И она продолжала записывать, как выглядели раны после окончательного отделения. Она не забыла ни одной детали, занося каждый штрих истории болезни на бумагу. Доктор Фальмерайер говорил быстро. Короткими фразами он рассказал о процессе выздоровления, только слегка коснувшись неожиданной кончины одного из пациентов.
— Таково было мое участие, — закончил он, спустился по ступенькам в зал и вернулся на свое место.
Гелла Рейтлингер приготовилась продолжить свой доклад, когда посреди зала поднялся один длинный журналист.
— Прошу извинения, — пробормотал он. — мне неясно, как… каким образом… когда…
— Яснее! Говорите! — поощряла его докторша. — Здесь можно не церемониться.

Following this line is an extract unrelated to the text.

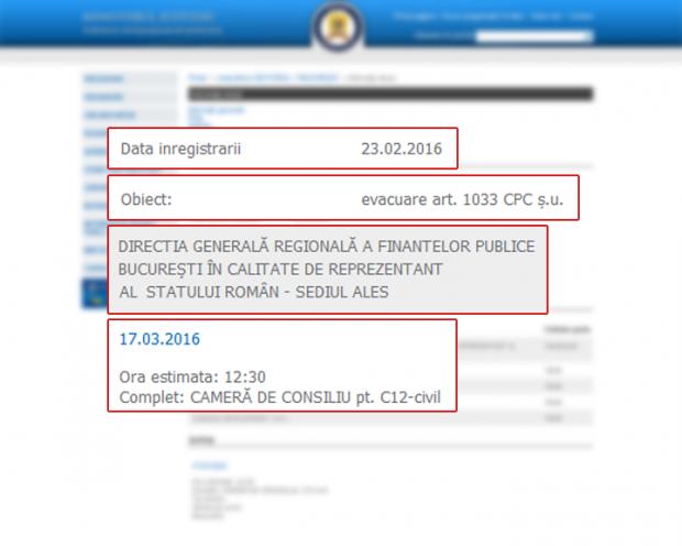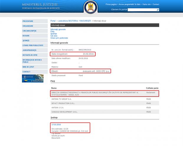 Potrivit portalului său, abia marți (23 februarie 2016) a fost înregistrată de către ANAF la tribunal o cerere de evacuare.

— Я имел в виду, — краснея, проговорил молодой человек, — как это возможно… Когда двое людей четыре недели лежат в твердой гипсовой повязке в симбиозе, то они должны же иногда… ну… отправлять естественные потребности… не так ли? Или же они ничего не елр и не пили?
Он быстро сел на место, довольным тем, что выговорил эти слова.
Докторша усмехнулась:
— Разумеется, милостивый государь, они не должны были проходить курс голодания. Им давали еду, конечно, в жидком виде и не больше, чем было необходимо для их питания. Если коллега Фальмерайер не касался этого вопроса, то потому только, что для нас, специалистов, он является самоочевидной вещью. Для отвода жидкостей пользуются вделанными в гипс длинными катетерами, для стула — примитивнейшими способами. Словом, об этом вам действительно не надо ни малейшим образом беспокоиться.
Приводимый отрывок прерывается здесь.